Records excerpted from a collection
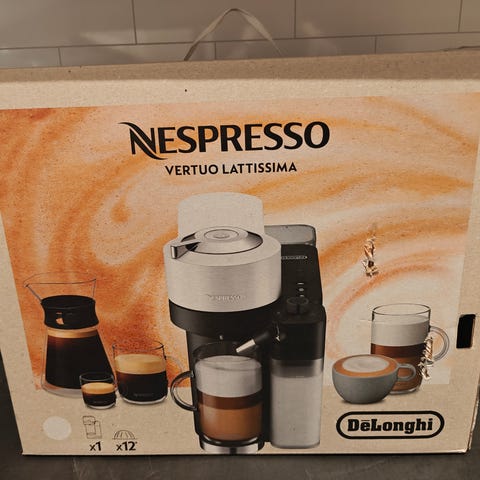 Ubrukt Nespresso Verturo Latissima. Det følger med kapsler til forskjellige koppstørrelser😊
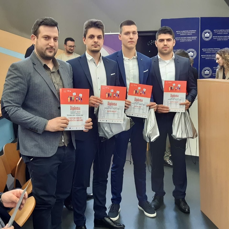 Studenti Politologije osvojili su drugo mjesto u natjecanju u debatama „Pričajmo o Europi. Pričajmo o nama!“ koja je održana u Sarajevu u organizaciji EU info centra. Naglasak natjecanja stavljen je na mlade ljude i studente, a teme o kojima se debatiralo bile su vezane za Europsku uniju i za Bosnu i Hercegovinu.
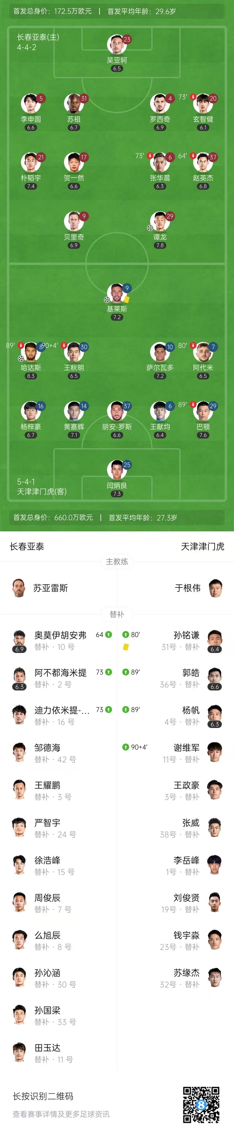 第66分钟,基莱斯接队友横传推射破门,边裁第一时间举旗示意越位,但经VAR回放后确认进球有效,天津津门虎2-长春亚泰。↓
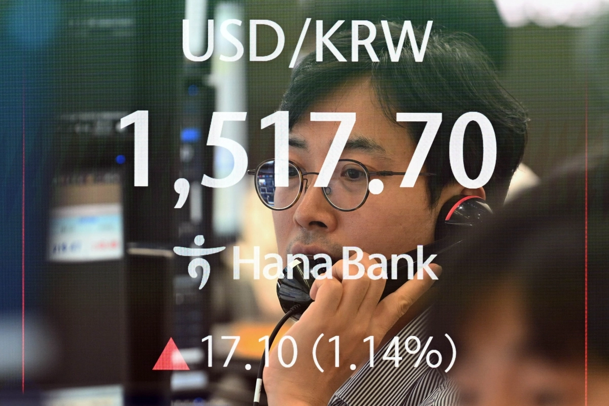 중동분쟁 불확실성 고조로 2009년 금융위기 이후 처음으로 원·달러 환율이 1510원을 돌파한 23일 오후 서울 중구 하나은행 딜링룸 전광판에 원·달러 환율이 표시되어 있다. 이날 서울외환시장에서 원·달러 환율은 1517.3원에 주간거래를 마쳤다.
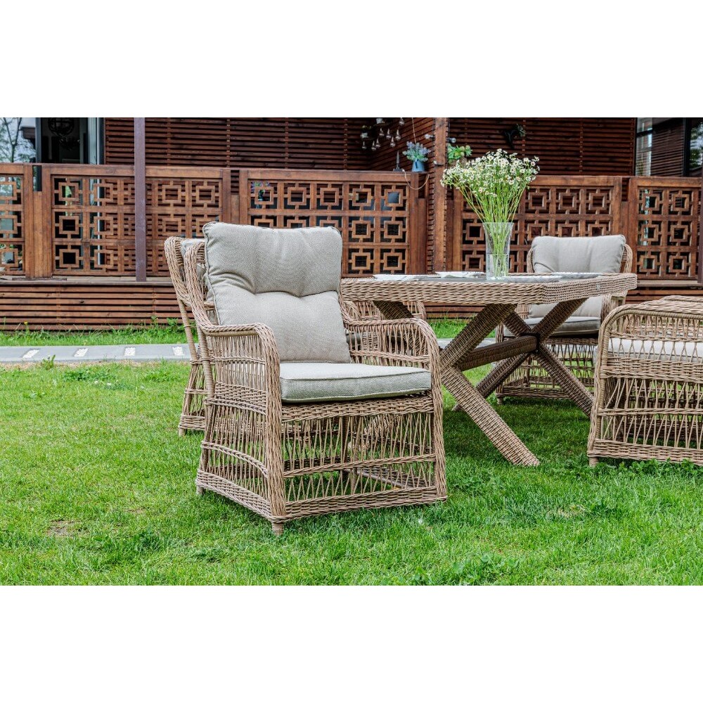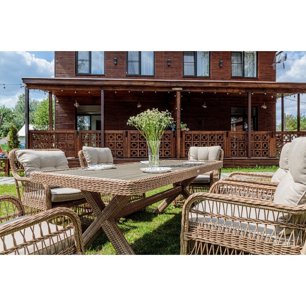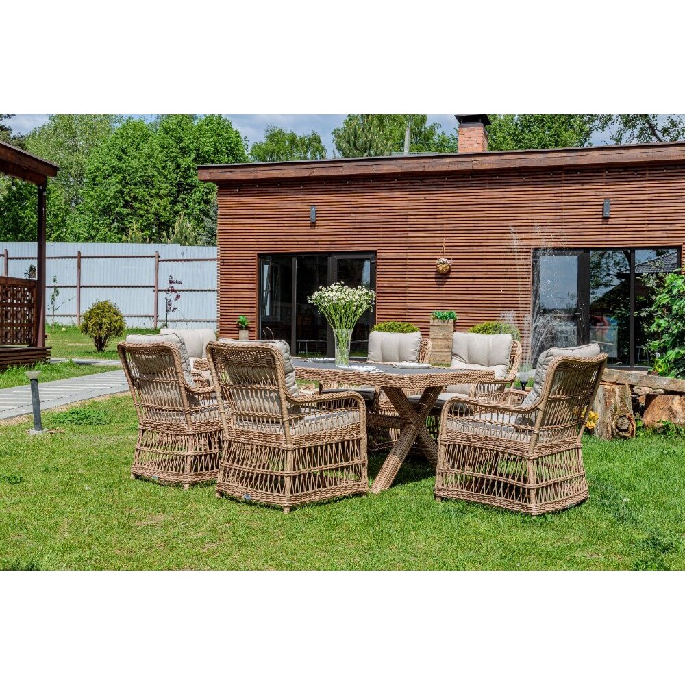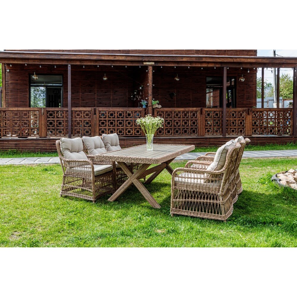 Комплект мебели из искусственного ротанга ИЗАБЕЛЛА на 6 персон, натуральный цвет, столешница из искусственного дерева, алюминиевый каркас, подушки входят в набор.

TASK BRIEF:
Set down, word for word, the line that holds "第66分钟,基莱斯接队友横传" and all lines after it to the end of the entries above, but not the pictures.

YOUR SOLUTION:
 第66分钟,基莱斯接队友横传推射破门,边裁第一时间举旗示意越位,但经VAR回放后确认进球有效,天津津门虎2-长春亚泰。↓
 중동분쟁 불확실성 고조로 2009년 금융위기 이후 처음으로 원·달러 환율이 1510원을 돌파한 23일 오후 서울 중구 하나은행 딜링룸 전광판에 원·달러 환율이 표시되어 있다. 이날 서울외환시장에서 원·달러 환율은 1517.3원에 주간거래를 마쳤다.
 Комплект мебели из искусственного ротанга ИЗАБЕЛЛА на 6 персон, натуральный цвет, столешница из искусственного дерева, алюминиевый каркас, подушки входят в набор.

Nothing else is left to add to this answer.